O assunto fingia dormir no Congresso Nacional. A chamada “Bancada do Jogo”, no entanto, sempre esteve viva e alerta, à espera do momento oportuno para voltar à ativa. Parece ser agora.

Por 14 votos contra 12 – como vimos em texto de Elio Gaspari publicado aqui no Zé Beto –, a Comissão de Constituição e Justiça do Senado aprovou o projeto de lei que autoriza o funcionamento de cassinos, do jogo de bicho, de bingos e outros tipos de jogos de azar neste Brasil varonil, sempre aberto a arapucas mil. Como já passou pela Câmara, basta que o plenário de senadores o acate para que o projeto vá à sanção de Lula.

Luiz Inácio foi o autor da medida que proibiu o funcionamento de bingos, caça-níqueis e outras apostas no país. Agora, porém, já anunciou que, se o projeto chegar-lhe às mãos, não terá dúvida em sancioná-lo.

As facções criminosas estão exultantes. Já controlam boa parte das atividades nas grandes (e também pequenas) cidades, como o tráfico de drogas, tráfico de armas, mercado de apostas, prestação de serviços, postos de gasolina, aluguel de moradias…

Num país em que o crime organizado avança a olhos vistos, com a incompetência e/ou omissão das ditas autoridades públicas, o restabelecimento oficial da jogatina é – como diz Elio Gaspari – no mínimo “uma temeridade”.

Justificá-lo em nome do turismo e do recolhimento de impostos é um argumento falacioso e cínico, tanto quanto o de que, mesmo sendo ilegal, o jogo existe – escreve Elio, concluindo, com absoluta razão: “Até agora, todas as brechas abertas para o jogo resultaram em expansão do crime”. Tivessem razão os defensores da liberação do jogatina, melhor seria legalizar o tráfico de drogas, cuja demanda seria muitíssimo maior e geraria muito mais recursos.

Pessoalmente, como já disse e repeti aqui, sou contra qualquer tipo de jogo ou de aposta. Pelos efeitos e dependência que causam.

A minha ojeriza pelo jogo não resulta de nenhum drama pessoal. Jamais perdi um tostão em jogos de azar. Seja na loteria ou na sena oficializada. Razão: nunca joguei. E estou plenamente feliz por não formar no batalhão dos infelizes que todas as semanas aguardam a grande vitória que nunca virá.

De todo modo, a oposição ao jogo, de minha parte, não tem conotação moral ou religiosa. Conheço muito bem os perversos efeitos da jogatina. Sou capaz de recitá-los de cor.
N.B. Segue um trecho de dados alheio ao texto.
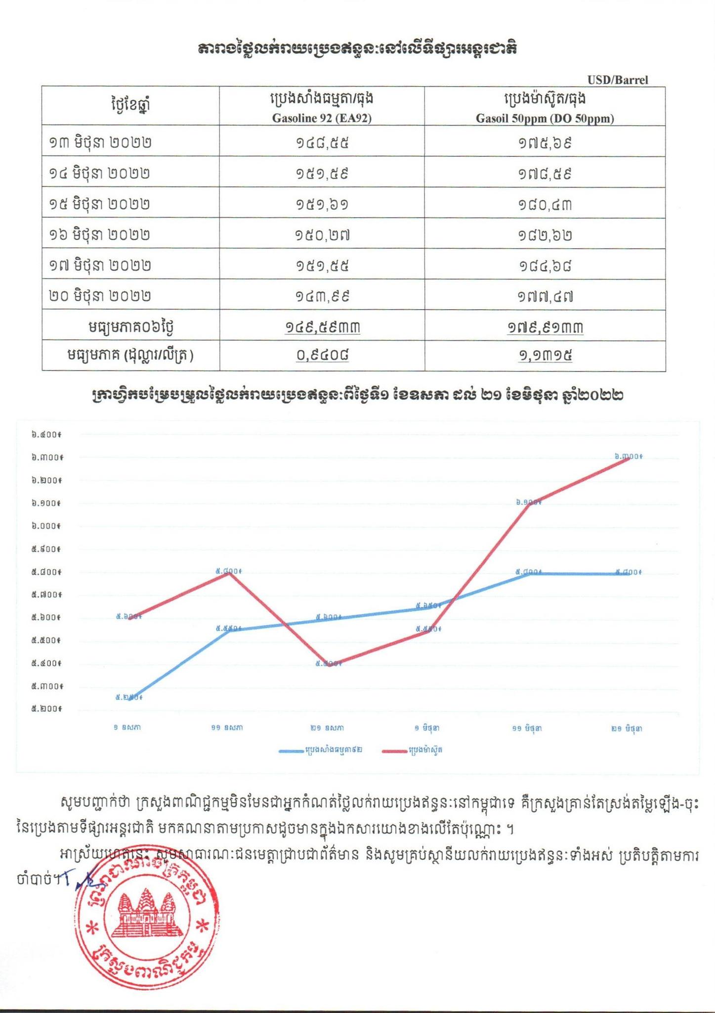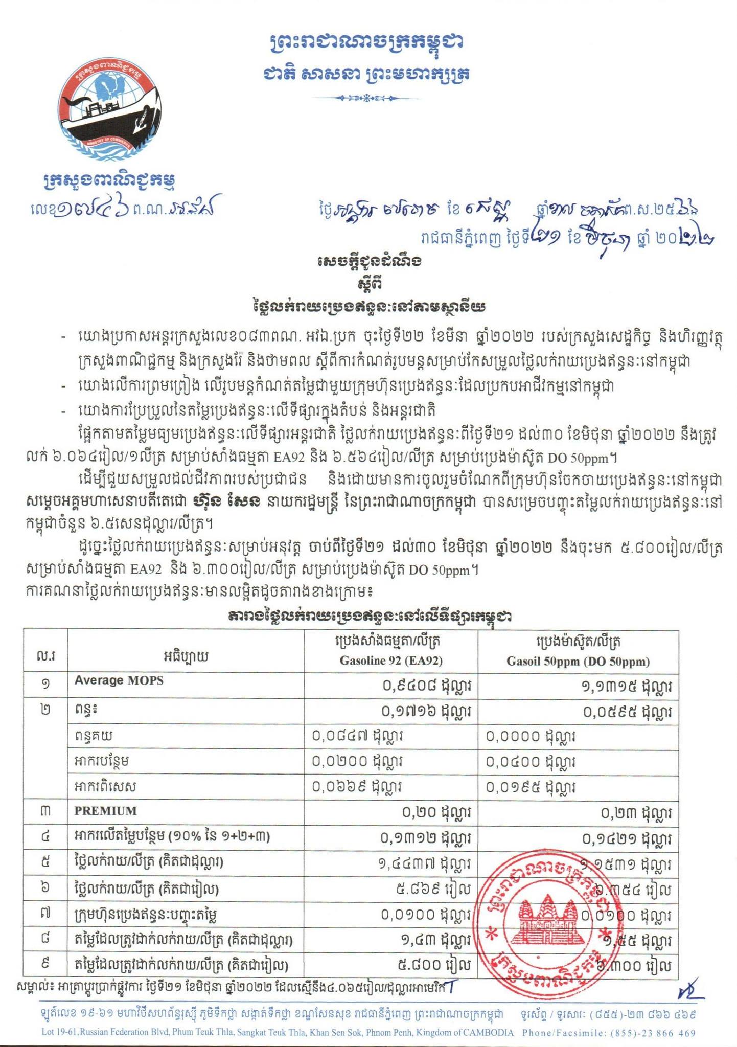 រាជធានីភ្នំពេញ៖ យោងតាមលិខិតរបស់ក្រសួងពាណិជ្ជកម្ម ចុះផ្សាយថ្ងៃទី២១ ខែមិថុនា ឆ្នាំ២០២២ ស្តីអំពីតម្លៃលក់រាយប្រេងឥន្ធនៈនៅតាមស្ថានីយទាំងអស់ក្នុងព្រះរាជាណាចក្រកម្ពុជាសម្រាប់អនុវត្តទៅតាមតម្លៃមធ្យមប្រេងឥន្ធនៈលើទីផ្សារអន្តរជាតិ ចាប់ពីថ្ងៃទី២១ ដល់ថ្ងៃទី៣០ ខែមិថុនា ឆ្នាំ២០២២ បានឲ្យដឹងថា តម្លៃប្រេងសាំងធម្មតាមានតម្លៃ ៥,៨០០រៀលក្នុងមួយលីត្រ ចំណែកឯប្រេងសាំងម៉ាស៊ូតមានតម្លៃ ៦,៣០០រៀលក្នុងមួយលីត្រប៉ុណ្ណោះ។
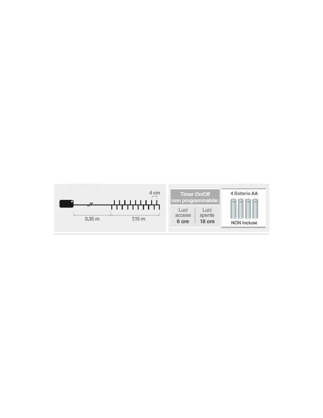 Cavo di colore verde con lunghezza totale di 7,5 m. Catena di luci lunga 7,15 m fittamente illuminata, con distanza tra i bulbi di 4 cm. Cavo di collegamento al controller lungo 0,35 m.Alimentazione tramite 4 batterie Stilo AA (non incluse), che forniscono circa 15 giorni di autonomia con la configurazione a 6 ore luci accese / 18 ore luci spente.
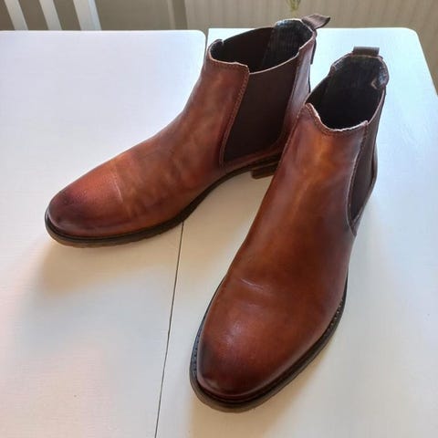 Bugatti finskor i mörkt läder med vissa designdetaljer. Jag har inte använt dem på länge då den ena klacken åkt av och jag har inte orkat fixa det. Gummit under klacken på den högra är alltså borta och träet som det ska sitta på bör bytas också (syns på bild). Lämnar det åt händig. Innersulan kan också bytas då den är synligt använd men fungerar.
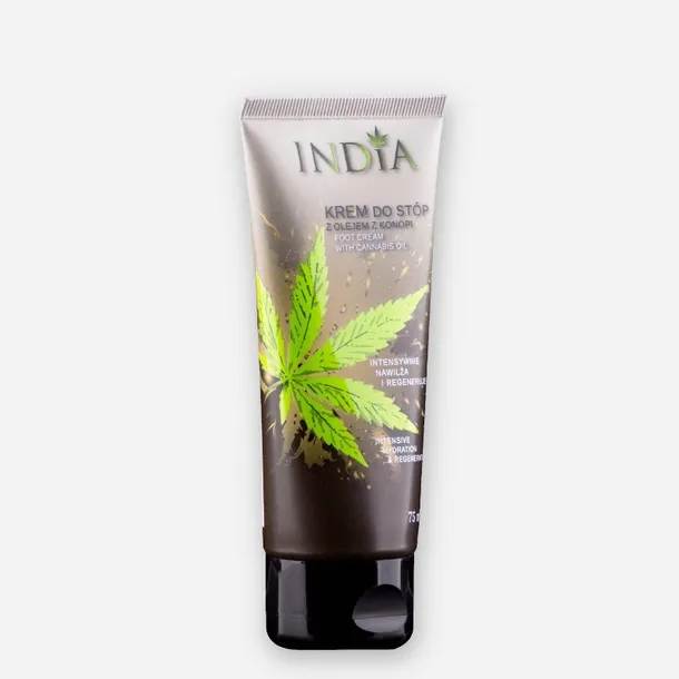 Krem do stóp INDIA, dzięki zawartości oleju konopnego, daje szybki efekt nawilżenia i regeneracji od razu po zastosowaniu. Lekka formuła kremu wnika głęboko w naskórek, regenerując spękania. Bezpośrednio po aplikacji pozwala na natychmiastowe odczucie miękkości stóp.
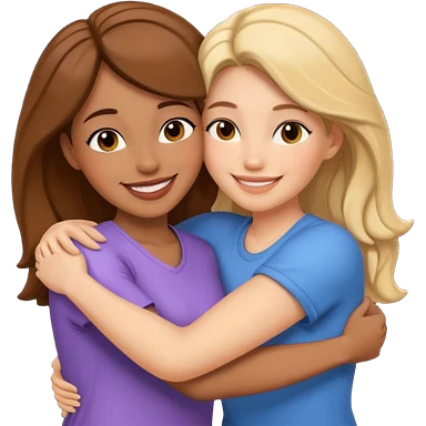 two girls hugging, one with dark hair and one with blonde hair, best friends, emoji style emoji
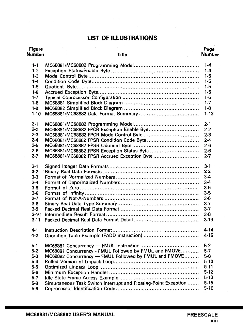 1-10 MC68881/MC68882 Data Format Summary ..................................... 1-13
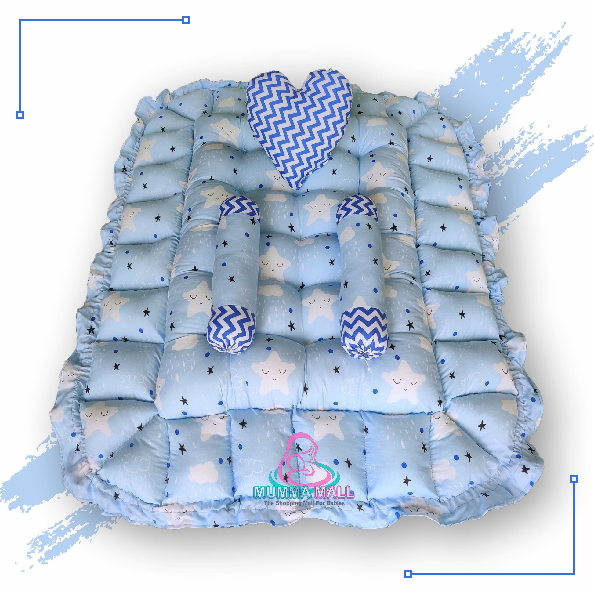 Rectangle baby tub bed with a heart pillow and pair of Bolster (Sky and Blue)
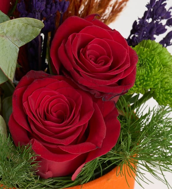 Turuncu Kadife Kutuda Kırmızı Güller ve Okaliptus
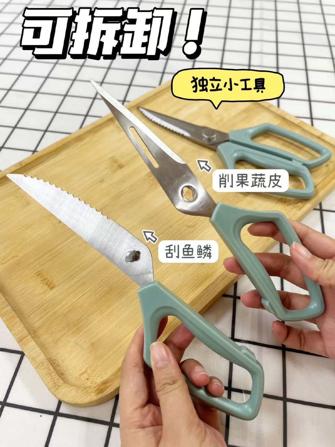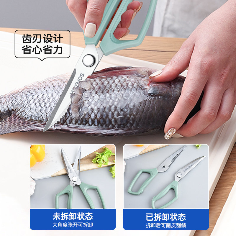 你见过可拆卸的剪刀吗?【 鲨鱼剪 】就是❗️拆开后,它秒变刮鳞刀、小菜刀、水果刀和去皮器。把剪刀分开到最大时,剪刀中间的小按钮正好对准卡槽,很容易就将剪刀拆分开了,清洗的也更干净。
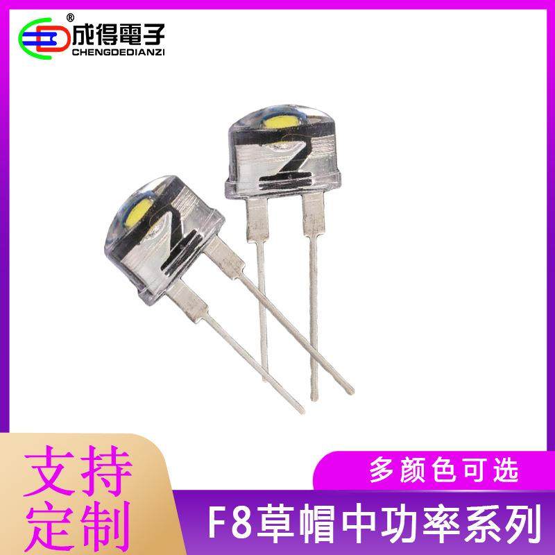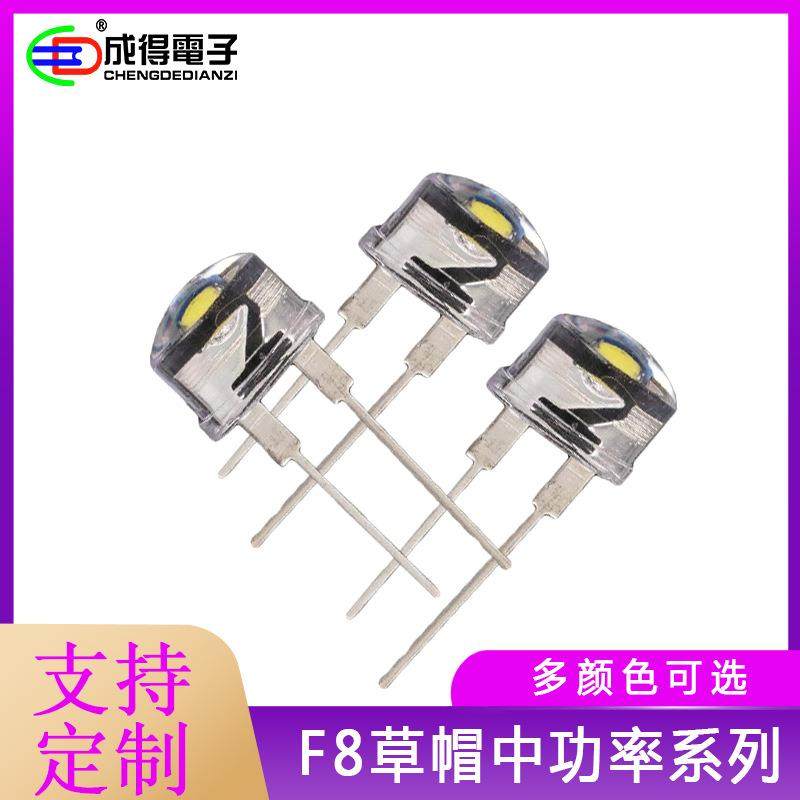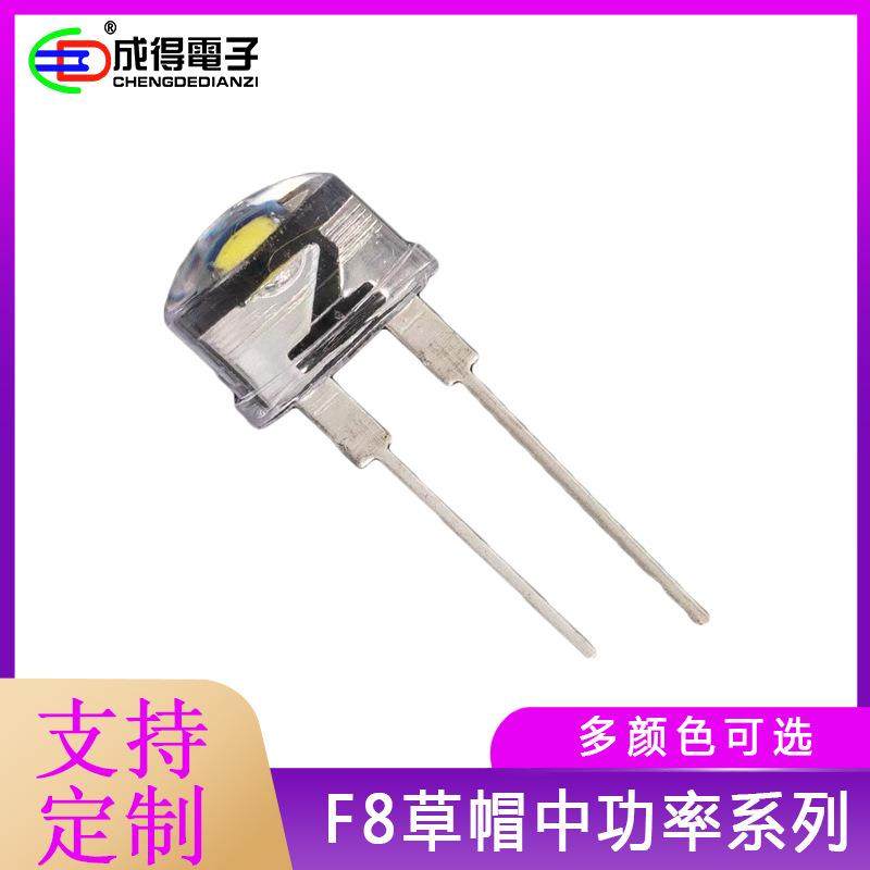 直插F8mm草帽0.5W白灯宽脚0.75W红黄蓝绿LED灯珠照明手电筒灯珠
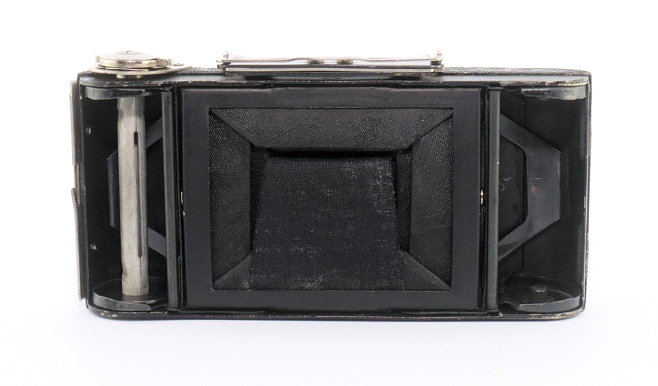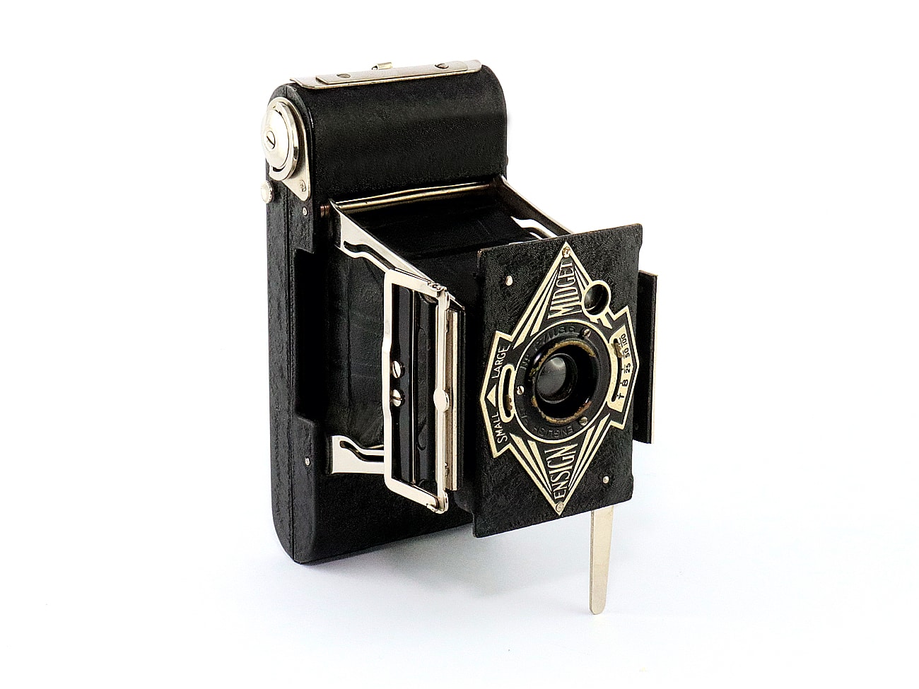 Eine Miniaturkamera des altehrwürdigen Londoner Herstellers Houghton-Butcher auf Rollfilm E 10 (Filmbreite 35 mm; 6 Aufnahmen 3 x 4 cm pro Spule). Gebaut wurde der Fotoapparat im Art-déco-Stil mit dem typischen eckigen-geometrischen Design der Frontplatte von 1934 bis etwa 1941. Das Gehäuse aus Stahlblech verfügt über konische Stützstreben, die sich im Gehäuse versenken lassen. Im ausgeklappten Zustand fixieren die Streben die Frontplatte.

Da simples inimizade entre amigos fraternos ao corpo de um suicida estendido no chão, passando pela ganância, pelo desespero e pela loucura.

Sei de uma tradicional família curitibana, cujos membros eram obrigados a buscar a matriarca nas madrugadas dos bingos de então e, certo dia, os filhos receberam uma conta que os obrigou a desfazerem-se de seus carros para quitar a dívida da mãe. Tenho também amigos que perderam, em uma mesa de pôquer, tudo o que haviam conseguido amealhar em uma vida inteira de trabalho. Outro perdeu o apartamento em que vivia com a família em uma única rodada de cartas.

Mas não é uma questão de puritanismo. Ainda que seja sabido que, por trás do jogo, esconde-se o crime organizado, a lavagem de dinheiro, a sonegação e a exploração de incautos, para dizer o mínimo.

Escuta aqui, ó companheiro presidente. Em vez de ficar dando ouvido aos oportunistas que o cercam, aos trambiqueiros e aos exploradores da ignorância popular, ouça quem sabe das coisas. O Ministério Público, por exemplo. Ou as associações de jogadores compulsivos. Elas existem em todo o país. Ficará, então, sabendo, se ainda não sabe, que o jogo não é uma questão moral, mas eminentemente social.

 

Célio Heitor Guimarães é jornalista e consultor jurídico aposentado.